* _Data_
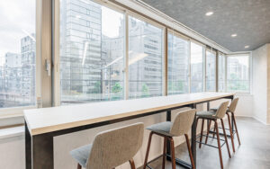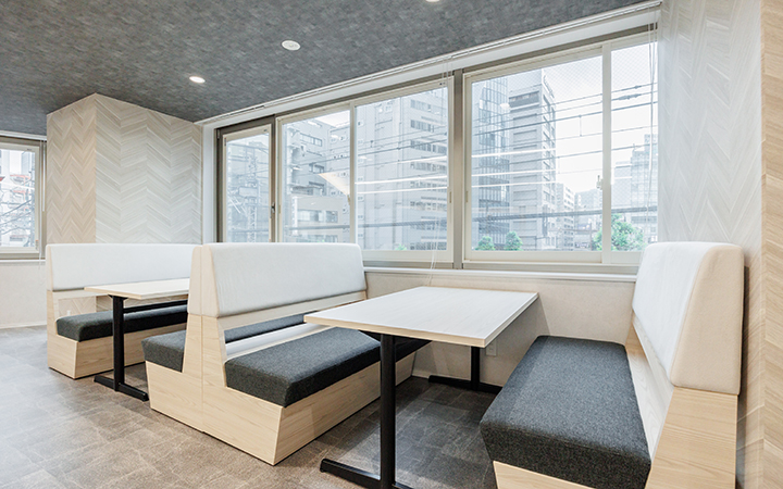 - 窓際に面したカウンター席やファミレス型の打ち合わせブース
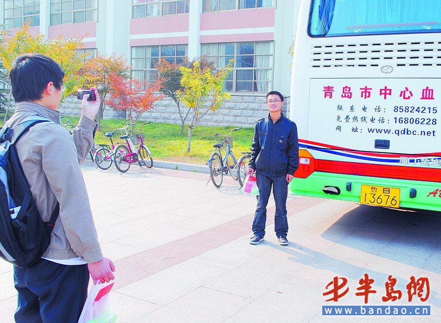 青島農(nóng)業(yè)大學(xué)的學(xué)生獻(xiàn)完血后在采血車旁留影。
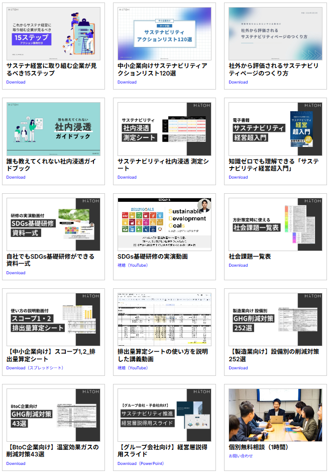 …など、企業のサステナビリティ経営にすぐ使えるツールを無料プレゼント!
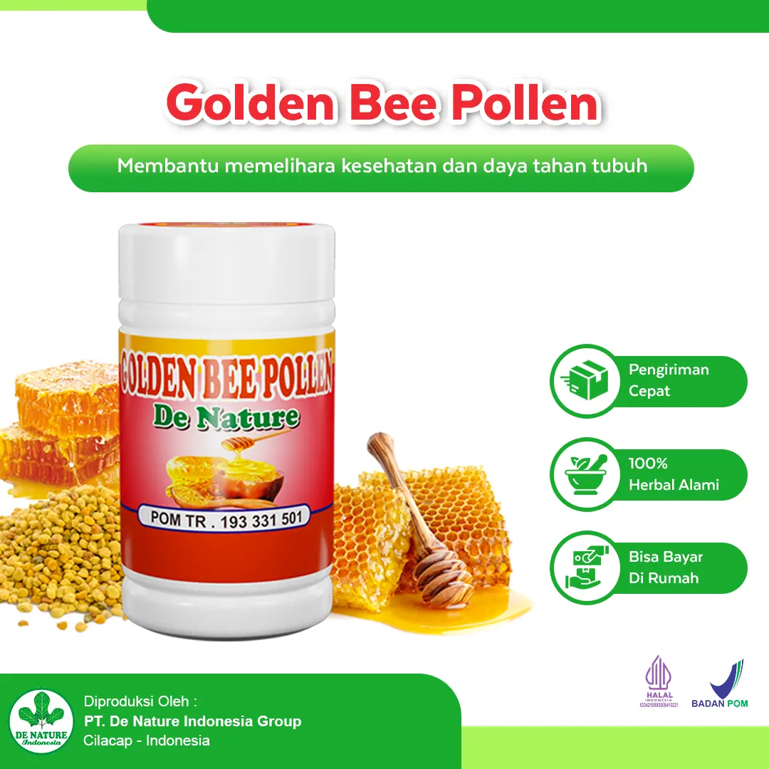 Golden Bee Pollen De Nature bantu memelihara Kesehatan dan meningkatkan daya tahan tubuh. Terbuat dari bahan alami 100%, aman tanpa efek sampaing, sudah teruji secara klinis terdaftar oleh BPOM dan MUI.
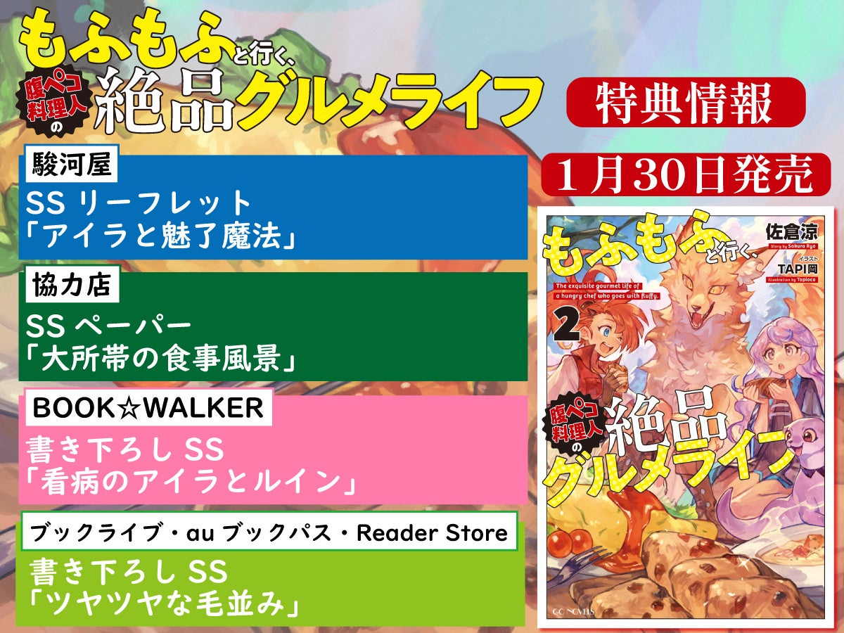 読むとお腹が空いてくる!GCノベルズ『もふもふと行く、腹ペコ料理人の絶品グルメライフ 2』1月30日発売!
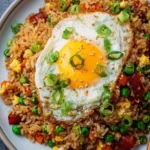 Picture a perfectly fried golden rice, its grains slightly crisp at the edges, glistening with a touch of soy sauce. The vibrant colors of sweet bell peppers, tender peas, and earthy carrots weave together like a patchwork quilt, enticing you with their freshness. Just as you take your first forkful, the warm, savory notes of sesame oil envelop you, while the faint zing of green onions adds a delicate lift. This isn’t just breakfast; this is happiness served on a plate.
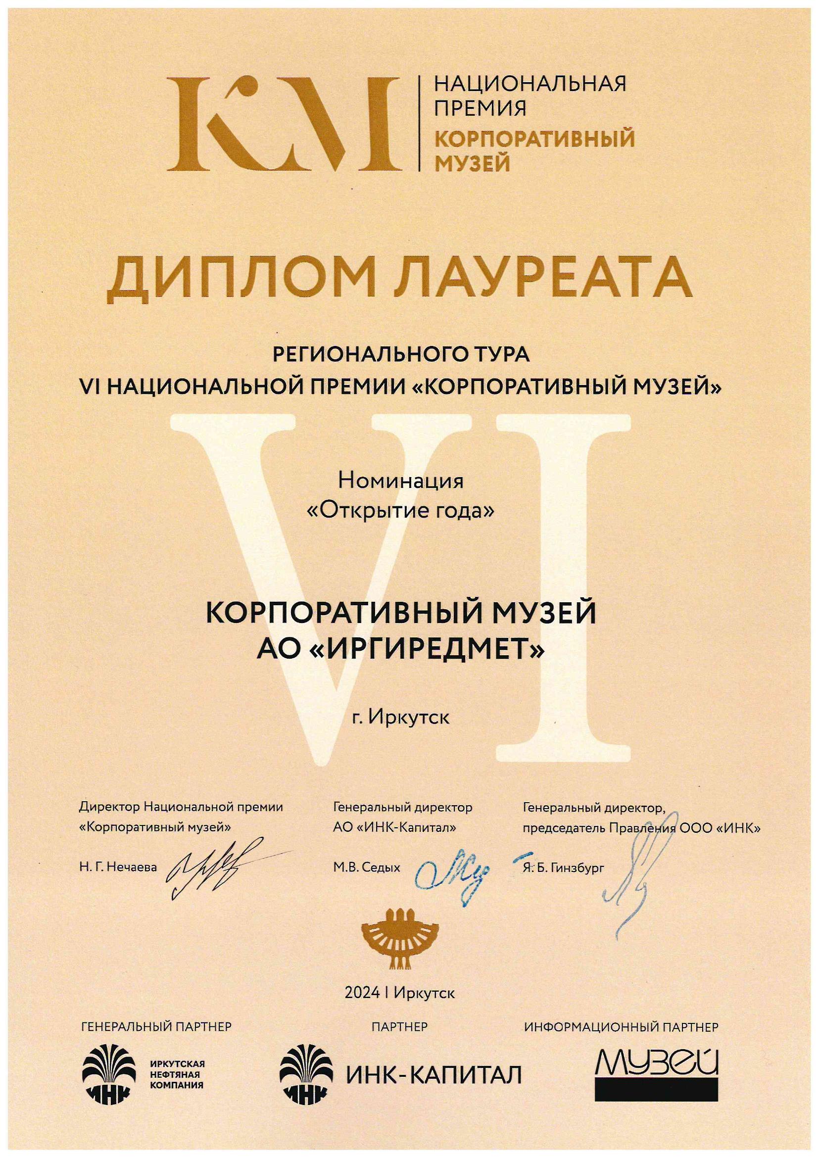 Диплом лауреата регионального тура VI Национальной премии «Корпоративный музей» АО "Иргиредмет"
==
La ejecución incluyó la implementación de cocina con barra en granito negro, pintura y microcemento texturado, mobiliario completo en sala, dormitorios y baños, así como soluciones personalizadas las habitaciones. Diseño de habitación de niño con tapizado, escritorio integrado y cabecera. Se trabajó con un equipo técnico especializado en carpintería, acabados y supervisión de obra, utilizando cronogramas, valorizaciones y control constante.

* _Exercise_
What is wanted is an exact copy of the lines above from the one containing "青島農(nóng)業(yè)" through the one containing "読むとお腹が空いてくる!GC", with no pictures in it.

* _Result below_
 青島農(nóng)業(yè)大學(xué)的學(xué)生獻(xiàn)完血后在采血車旁留影。
 …など、企業のサステナビリティ経営にすぐ使えるツールを無料プレゼント!
 Golden Bee Pollen De Nature bantu memelihara Kesehatan dan meningkatkan daya tahan tubuh. Terbuat dari bahan alami 100%, aman tanpa efek sampaing, sudah teruji secara klinis terdaftar oleh BPOM dan MUI.
 読むとお腹が空いてくる!GCノベルズ『もふもふと行く、腹ペコ料理人の絶品グルメライフ 2』1月30日発売!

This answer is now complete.